Looking back to the example from Interpreting Tree Ranks, we can see the second tree shape, where the tree is a strictly bifucating tree of three leaves, can be labelled in 3 different unique ways.

second_tree = tskit.Tree.unrank(num_leaves=3, rank=(1, 0))
for t in tskit.all_tree_labellings(second_tree):
    display(SVG(t.draw_svg(node_labels={0: 0, 1: 1, 2: 2}, order="tree", size=(120, 120))))

The order of the tree labellings is a direct result of the way in which combinations of labels are chosen. The implementation in tskit uses a standard lexicographic ordering to choose labels. See how the trees are sorted by the order in which the left leaf’s label was chosen.

Note

There is a caveat here regarding symmetry, similar to that of repeating tree shapes. Symmetrical trees run the risk of creating redundant labellings if all combinations of labels were exhausted.
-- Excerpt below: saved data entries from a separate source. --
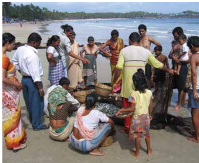
▲ Рис. 3: Существование и доходы небольших прибрежных поселений часто основаны на рыбном промысле, поэтому нефтяные разливы могут серьезно их затронуть.

Сезонные циклы рыбного промысла и морского фермерства изменяются на протяжении года согласно типу вылавливаемых или выращиваемых видов. По этой причине чувствительность видов или мероприятия, предпринимаемые при разливах, также зависят от времени года. Например, урожай некоторых крупных видов морских водорослей, выращиваемых в Азии, собирается весной или в начале лета, и их следующее поколение высаживается ранней осенью. Другие, более быстро растущие виды могут высаживаться несколько раз в год со сбором урожая на протяжении всего года. Выращивание личинок в береговых резервуарах, заполняемых морской водой, также носит сезонный характер и обычно не занимает более нескольких месяцев в течение года.
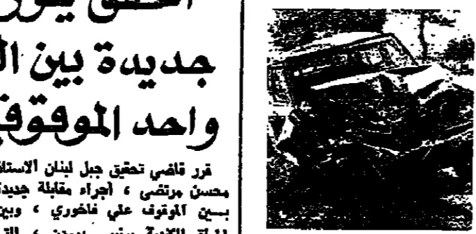
السيارة كما بدت بعد الاصطدام

زحلة - من مراسل «الانوار» اجتاحت سيارة «تويوتا» تحمل الرقم 158968 عمود كهرباء على طريق ابلح - ريان ليل امس الاول
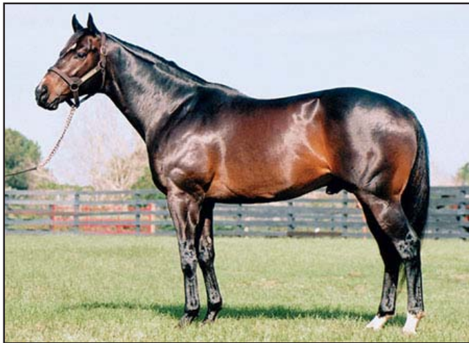
Tricampeão do Troféu Mossoró

Honour And Glory e Miss Shoplifter, por Exuberant
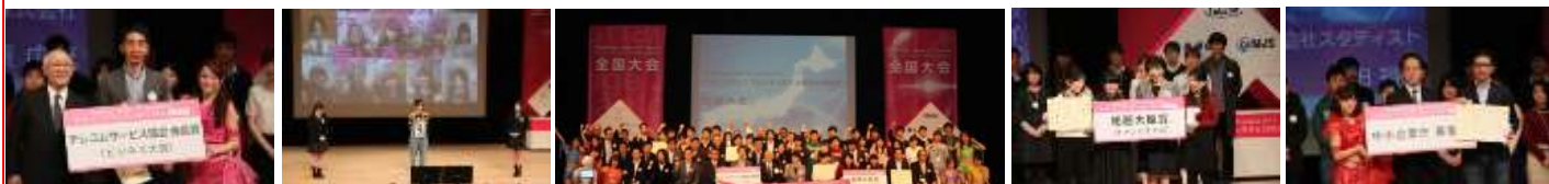
テレコムサービス協会会長賞 (ドレミグアアジア) 女性起業家大賞 (うまっぶ) 2015全国大会 総務大臣賞 (ピュアの極み乙女、) 中小企業長官賞 (スタディスト)

自分の主張を的確に表現すること。インカムをつけ舞台を自由に動き、自分のプレゼンにあったスタイル&パフォーマンスを期待しています。
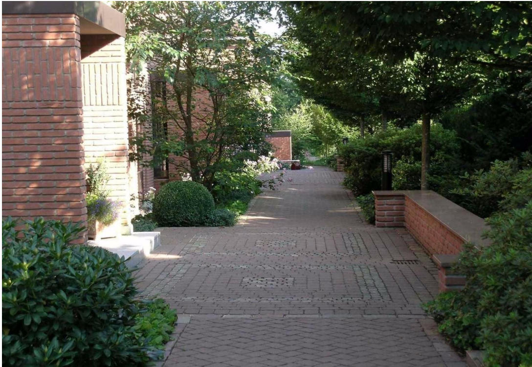
Zugang zu den Häusern
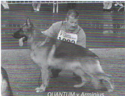
QUANTUM v Arminius

Zwycięzcą został syn przed ojcem. Olbrzymia dominacja jednej linii hodowlanej, co do której ja osobiście mam poważne zastrzeżenia. Ale czas pokaże. Trzecim był został pies, co do którego siły genetycznej słyszałem duże zastrzeżenia, szczególnie wśród baczących obserwatorów grup potomstwa. Tuż za podium dwóch reprezentantów „reszty świata” i na 6-tym miejscu „czarny koń”. Według mnie pies z dużą przyszłością. O
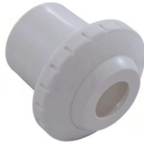
Boquillas de retorno y succión
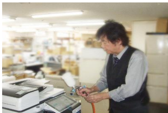
光触媒施工の様子

当社としてはブームにあやかるつもりはございませんので、一件ずつ丁寧に受注させて頂き、価格も施工技術に関心をよせて頂いたお客様には特別価格をご提示しております。
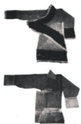
图5:长沙马王堆一号汉墓出土的袍服 上:信期绣锦缘绵袍 下:印花敷彩纱绵袍

工加以区分,从色彩和款式上区别不大,另外画中所出现成人袍服领袖皆为黑缘边,而两个男孩则未用黑色的领袖缘边。东汉时,基本都用直裾袍,而且官民款式不分,不同官级间款式也无大的区别,但从出土实物中可以看出,身份越是高贵的人袍的长度一般会越长。
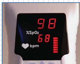
Hell leuchtende LED-Anzeige für Daten und Meldungen
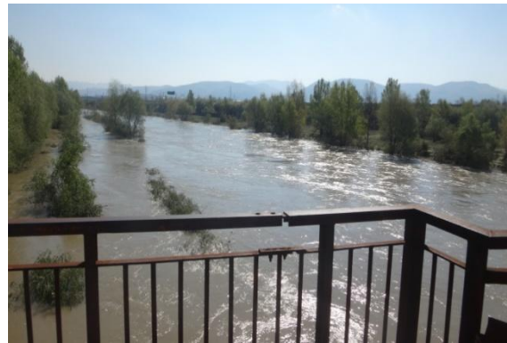
Zdvihnutá hladina Váhu na jar 2017 (pohľad zo železničného mosta)

Počasie vyčíňalo aj 23. júna, kedy počas búrky nevydržala nápor silného vetra veľká lipa na cintoríne v Ľuborči na Ľuborčianskej ulici. V priebehu roka sa na území mesta a v jeho okolí vyskytlo približne 21 búrok.
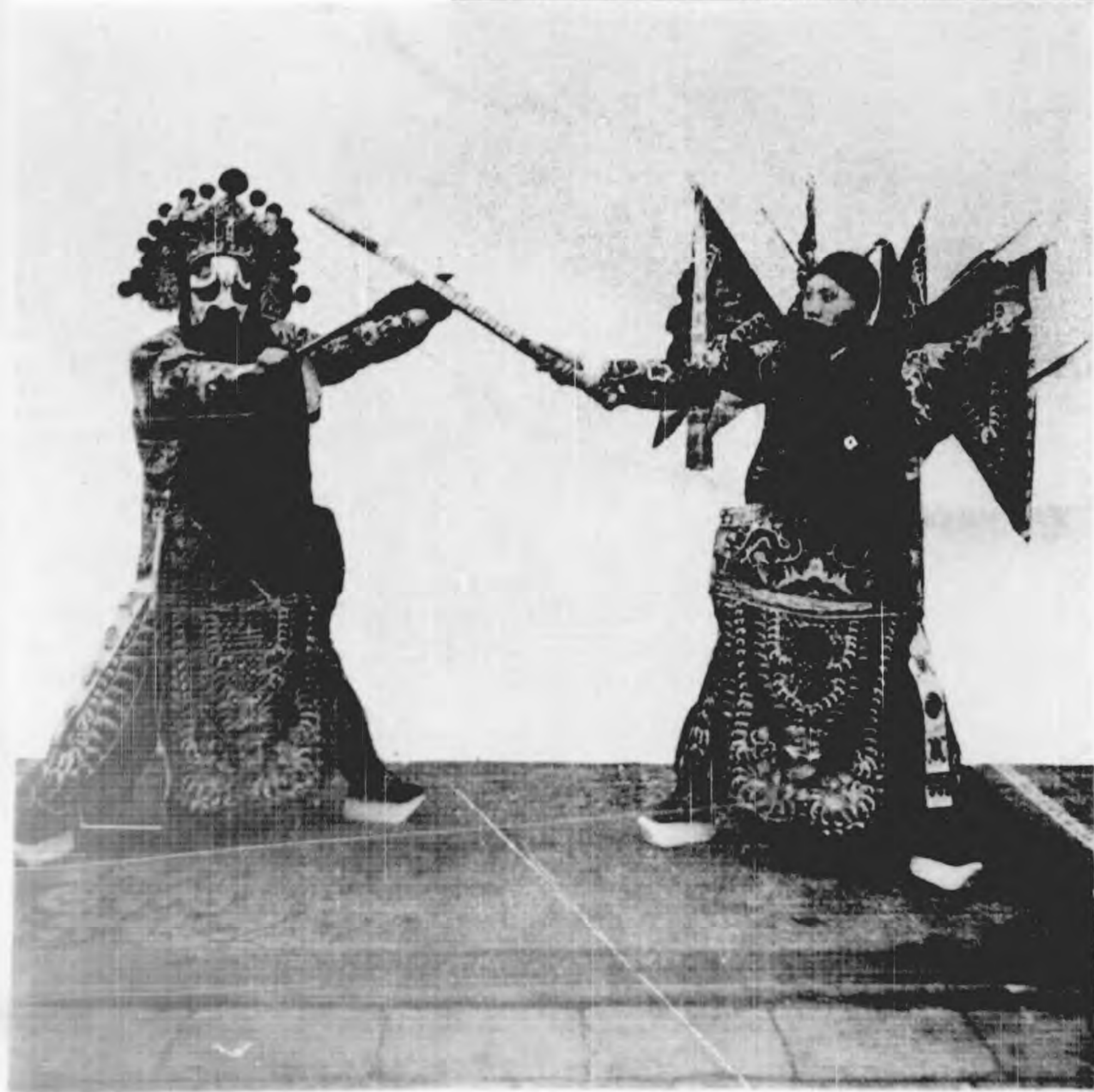
寧武關之 兩個場面
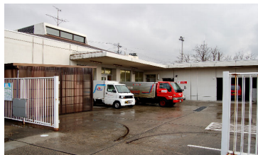
配達に忙しい寺泊郵便局（1／3）
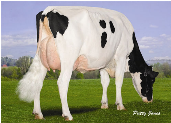
MISTY SPRINGS BIGSTONE SANDY
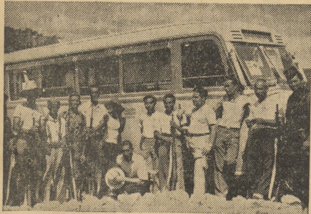
El autobús de la línea urbana de Valencia, convertido en imprenta, junto con los impresores que editan un diario y que se reparte entre los milicianos que luchan en el frente de Teruel
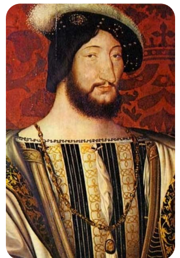
François 1 er (1 er )

Contrairement à d'autres rois avant lui, il décida seul de l'augmentation des impôts .
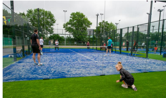
Gemert (6 banen + 3 binnen)
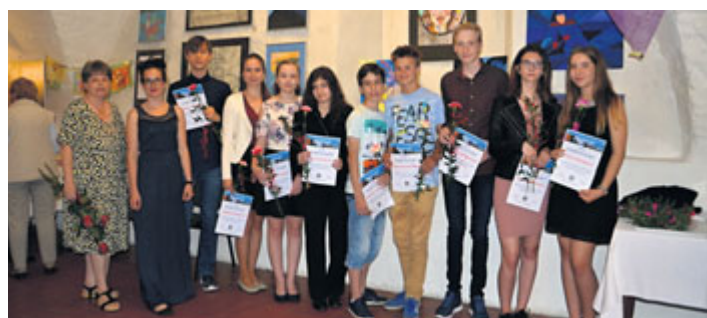
Ve čtvrtek 10. května na vernisáži výstavy výtvarného oboru ZUŠ v Galerii M ředitel školy předal absolventům pamětní listy.

To prevent redundant labellings we impose a canonical labelling. In the case of two symmetrical subtrees, the left subtree must receive the minimum label from the label set. Notice how this is the case in the right subtrees above.

These two enumerations create a complete ordering of topologies where trees are ordered first by size (number of leaves), then by shape, then by their minimum label. It is this canonical order that enables efficient ranking and unranking of topologies.